Mother Nature fractured the restaurant industry’s overall performance in recent months. That’s the obvious fact, but what does the data tell us about the health of the business as a whole? On Friday, TDn2K released its latest Restaurant Industry Snapshot, which gathers weekly sales data from nearly 30,000 restaurant units to provide a vitals check.

The first glance is a troubling one. As a whole, the third quarter posted the second worst sales and traffic growth in more than five years. Same-store sales fell 2.2 percent across the spectrum—a 1.2 percentage point drop from the second quarter. Traffic, even worse, was down 4.1 percent.

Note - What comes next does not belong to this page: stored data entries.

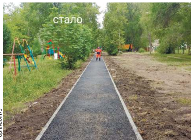
Народная тропа за школой №39 стала наконец полноценным тротуаром, жители целого микрорайона вздохнули с облегчением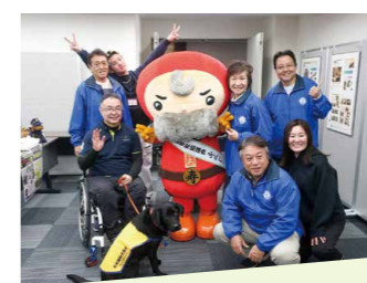
補助犬と人との優しい交流。 (東京巣鴨ライオンズクラブ)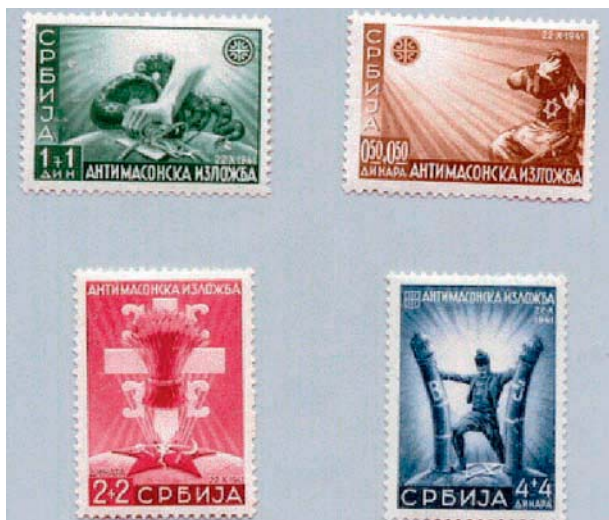
Áróðursfrímerki frá Serbíu gegn frímúrurum og gyðingum. Þessi frímerki voru hluti af áróðursherferð Serba sem hliðhollir voru setuliði nasista í Serbíu í seinni heimsstyrjöldinni.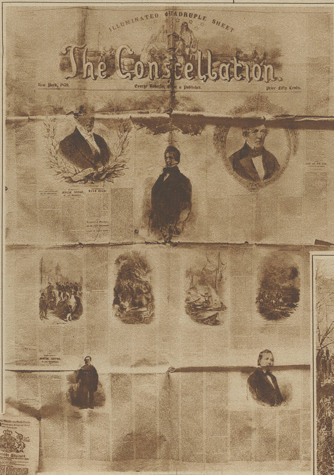
Holzschmitten in einer Zeitung New Yorks vom Jahre 1859. Man beachte das riesige Format des Blattes mit nicht weniger als 13 Spalten

Zeitungsfachmann wird seine Aufmerksamkeit in erster Linie der technischen Seite zuwenden und darüber hinaus gerne feststellen, welches die Stoffgebiete sind, die das Publikum zu allen Zeiten fesselten. Und er wird dabei nicht übersehen, daß zu allen Zeiten das Sensationelle im politischen, wirtschaftlichen und gesellschaftlichen Leben einem Großteil der Leserschaft erst durch das Bild wirklich nahegebracht wurde. Für viele haben allerdings diese alten Illustrationen nur Kuriositätswert, während der Kulturhistoriker in ihnen die reichste Fülle der Aufklärung findet. Kaum sonstwo hat er z. B. so schöne Gelegenheit, die wechselnde Mode zu studieren, ihre Launen zu erraten und den Zusammenhang mit dem Zeitempfinden zu spüren. Aber auch der Techniker wird mit Gewinn zu diesen vergilbten Blättern greifen, geben sie ihm doch Aufschluß über die verschiedenen Vorstufen, die den Weg zum heutigen Stand seines Gebietes gebnet haben. Vor der Zeit der Photographie war die Zeitungsidee immer auf die Individualität des Zeichners angewiesen, und wenn es sich darum handelte, ein einmaliges Ereignis festzuhalten, ging es nie ohne Zugabe ab, die ganz auf Rechnung der Phantasie des Künstlers zu buchen sind. Und daher wird es auch begreiflich, daß die Illustrierten erst dann richtig aufkommen konnten, als durch die wirklichkeitsgetreue Wiedergabe von Begebenheiten oder Situationen die größtmögliche Aktualität gesichert war.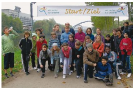
Course pour l'UNICEF 2010

Vendredi 15 octobre 2010, dernier jour d'école avant les vacances de la Toussaint au LFA, a eu lieu la traditionnelle course du lycée „Run for help“ au profit de l'UNICEF. Tous les participants à la course (environ 800 élèves français et allemands) ont désormais pour mission de trouver de généreux sponsors qui financeront les kilomètres qu'ils ont parcourus.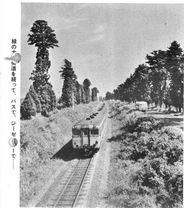
緑の十 街道を縫って、バスで、ジューゼーで……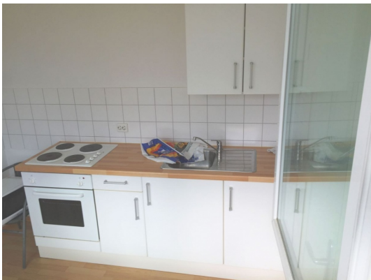
Moderne Einbauküche inkl.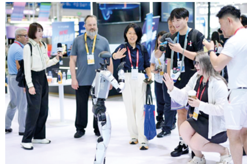
Посетители взаимодействуют с человекоподобным роботом компании Unitree Robotics, CISPE-2026, Хайкоу, 14 апреля 2026 г.

Недавно Китай запустил пилотную зону свободной торговли (ЗСТ) в северной части страны, что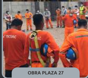
OBRA PLAZA 27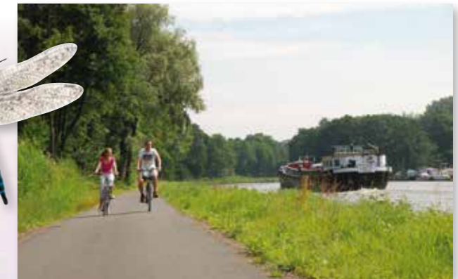
Radfahren entlang des Kanals Dessel – Schoten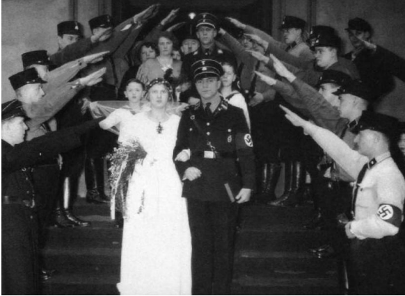
Kirchliche Trauung eines SS-Mannes in Uniform (1935)

vorstellen, dass Entartung und Faulheit ein Grund dafür sind, dass Ihre Nation in Schwierigkeiten kommt. Es ist kein Geheimnis, dass der Niedergang begonnen hat, wenn weiße, christliche Nationen Ausländer ins Land lassen. Ich möchte Sie mit den weisen Worten zurücklassen, die der Führer einmal bei einem Treffen zu uns sagte: "Ein Volk mit Lebenswillen, das seine Vorfahren liebt und seine Vergangenheit ehrt, indem es seine Zukunft schützt." Wenn unsere Nationen dies nicht beherzigen, wer weiß, was dann passieren wird.

Victor Fernandez, the executive director of Insights and Knowledge at TDn2K, said in a statement that the results aren’t quite as disturbing as they seem. “On one hand, the last three months were plagued by significant events that are external to the industry, but nevertheless had considerable negative impact on restaurant sales,” he said. “Hurricanes Harvey and Irma affected millions of people in two of the country’s largest economies during the quarter. On the other hand, there were some signs of improvement throughout the quarter, especially when removing the effect of Texas and Florida on the national sales results.”

Given the weather variable, it’s best to take this conversation to a broader point, skipping the month-to-month comparisons. For instance, same-store sales dropped 1.9 percent in September compared to 2.1 percent in August—a month where Hurricane Harvey and the Floyd Mayweather-Conor McGregor fight adversely affected sales nationwide.

Compare those numbers to July, however, and September showed a significant jump from July’s same-store sales decline of 2.7 percent.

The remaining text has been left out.